ルカによる福音 7:31-35
〔そのとき、イエスは言われた。〕31 「今の時代の人たちは何にたとえたらよいか。彼らは何に似ているか。32 広場に座って、互いに呼びかけ、こう言っている子供たちに似ている。『笛を吹いたのに、踊ってくれなかった。葬式の歌をうたったのに、泣いてくれなかった。』
33 洗礼者ヨハネが来て、パンも食べずぶどう酒も飲まずにいると、あなたがたは、『あれは悪霊に取りつかれている』と言い、34 人の子が来て、飲み食いすると、『見ろ、大食漢で大酒飲みだ。徴税人や罪人の仲間だ』と言う。35 しかし、知恵の正しさは、それに従うすべての人によって証明される。」
イエスは大勢の人と食事をしました。弟子たちとの日々の食事、さらに、律法学者やファリサイ人はもとより、「徴税人や罪人」と呼ばれる人たちとも食事を共にしました。ユダヤ教にはコーシェルと言われる食事の規定があり、食べてよいものといけないもの、調理の仕方など細かく規定されています。何を食べるかだけが重要なのではなく、誰と食べるかも重要なことでした。「徴税人や罪人」と食事を共にすることは、「徴税人や罪人」と同じ穢れを受けることになると考えられていました。そのことが今日のイエスの言葉の背景にあります。
最後の晩餐を聖体制定と結び合わせるのではなく、最後の晩餐は、イエスが弟子たち、「徴税人や罪人」、そして律法学者やファリサイ人などと取った最後の食事だったことを忘れないようにしたいと思います。感謝して食事を共に頂くとき、そこにイエスご自身も臨席しておられると信仰の中で受けとめたいです。
今日はローマの司教コルネリウス(?-253. 6)と、カルタゴの司教キプリアヌス(?-258. 9.1)の記念日です。
東方正帝のガレリウスは311年に寛容令を出し、西方正帝のコンスタンチヌスは313年にキリスト教を公認するミラノ勅令を公布しました。それまで、キリストの最初の弟子たちから始まってそれまでは程度の差こそあれ、キリスト教徒に対する激しい迫害が続きました。キリスト教を信じることは命がけの行為であり、教皇や司教たちも迫害で殉教をしました。
ローマ皇帝デキウスの時代(在位 249~251)の迫害は苛酷でした。この迫害は251年デキウスの死によって中断しました。そのとき迫害の時に棄教した司教、司祭、信者が、教会に復帰したいと望む場合、その人を教会に受け入れるべきか否かを巡って激しい対立がありました。結果的にはこの問題は、251年のローマ教会会議で審議されることになりました。
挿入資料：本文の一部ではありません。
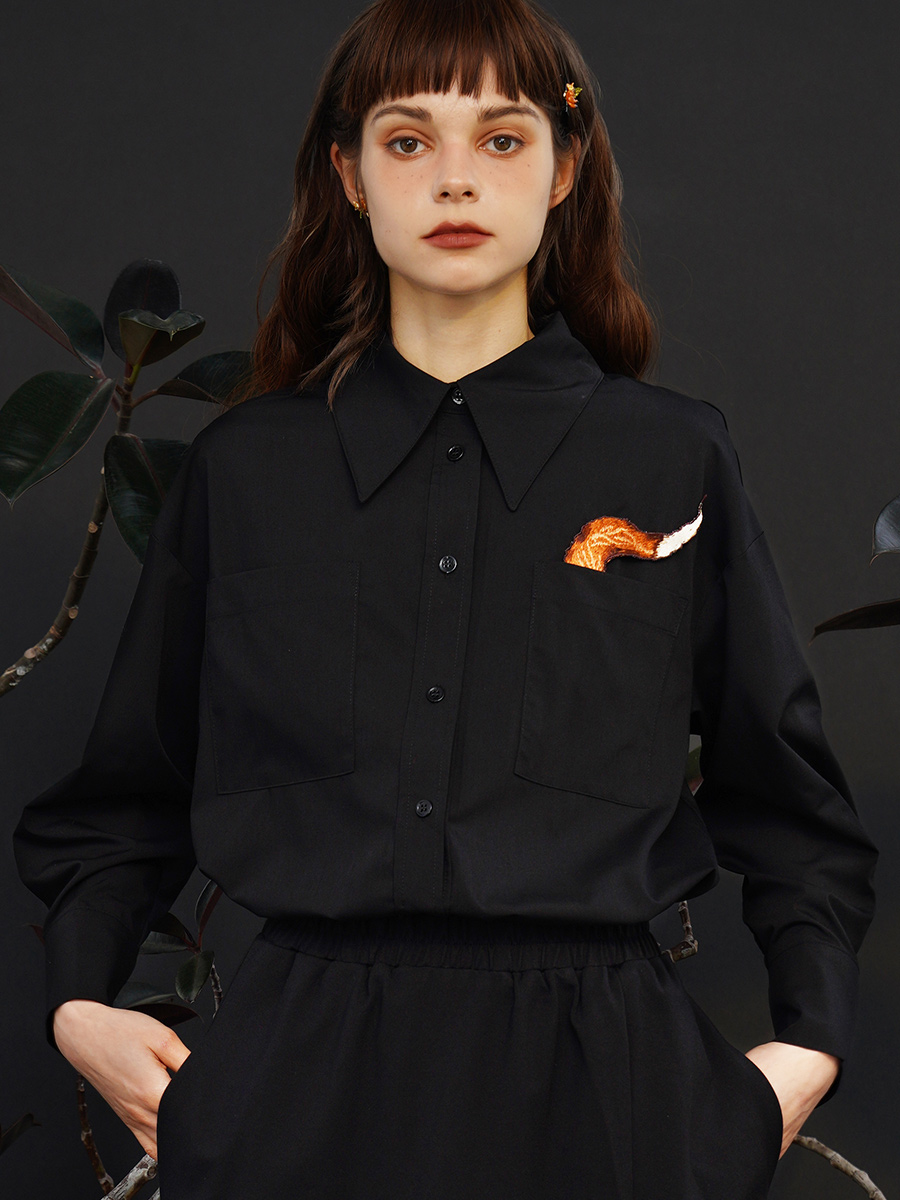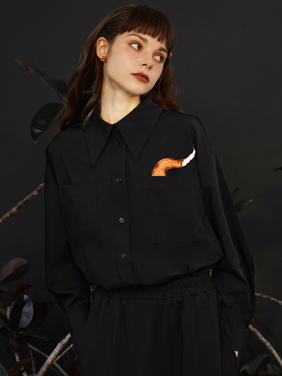 Original niche fun exquisite embroidered shirt gender free retro art cotton top couple

この会議では実際に偶像に香を焚いた者は、臨終の時まで教会に受け入れられないが、香を焚いたという証明書を入手しただけの者は公的悔悛儀礼を行うことによって教会に受け入れられるという決定をしました。この会議に出席していたローマ司教のコルネリウスは、その決定が寛容すぎるとするノヴァチアヌスの反対を受け、その結果、ローマの教会は分裂しました。この年彼は迫害によって追放され、追放先で病死します。
一方ローマ教会会議に出席していたカルタゴの司教キプリアヌスはコルネリウスを支持しましたが、カルタゴでは、棄教者に対するキプリアヌスの態度を厳しすぎると考えた幾人かの人々が彼に反抗して教会分裂を引き起こしました。
後に北アフリカでは棄教した人の行った洗礼、叙階は無効であると主張するドナトゥスとその一派が現れ、アウグスティヌスはドナトゥスとの論争の中で、カトリック教会の恩恵論の基礎を築くことになります。
教会の歴史は厳格主義と寛容主義の間を揺れる振り子のようだといった人がいます。洗礼者ヨハネの厳しさも、イエスの憐れみ深さも神への信仰の表れです。外見的な厳格か寛容が問題なのではなく、回心しない口実を探す頑なな心の持ち主への警告が今日のイエスの言葉であると受けとめることができます。
何よりも大切なことは「わたしがあなた方を愛したように、あなたがたは互いに愛し合いなさい」というイエスの掟に尽きるとわたしには思えます。
人は誰でも自分たちのしていることを正当化するため、自分の理解を超えた行動をする人に出会うと、よく考えもせず、断罪しがちです。それは、ファリサイ人や律法学者だけのことでなく、私たち自身のことでもあります。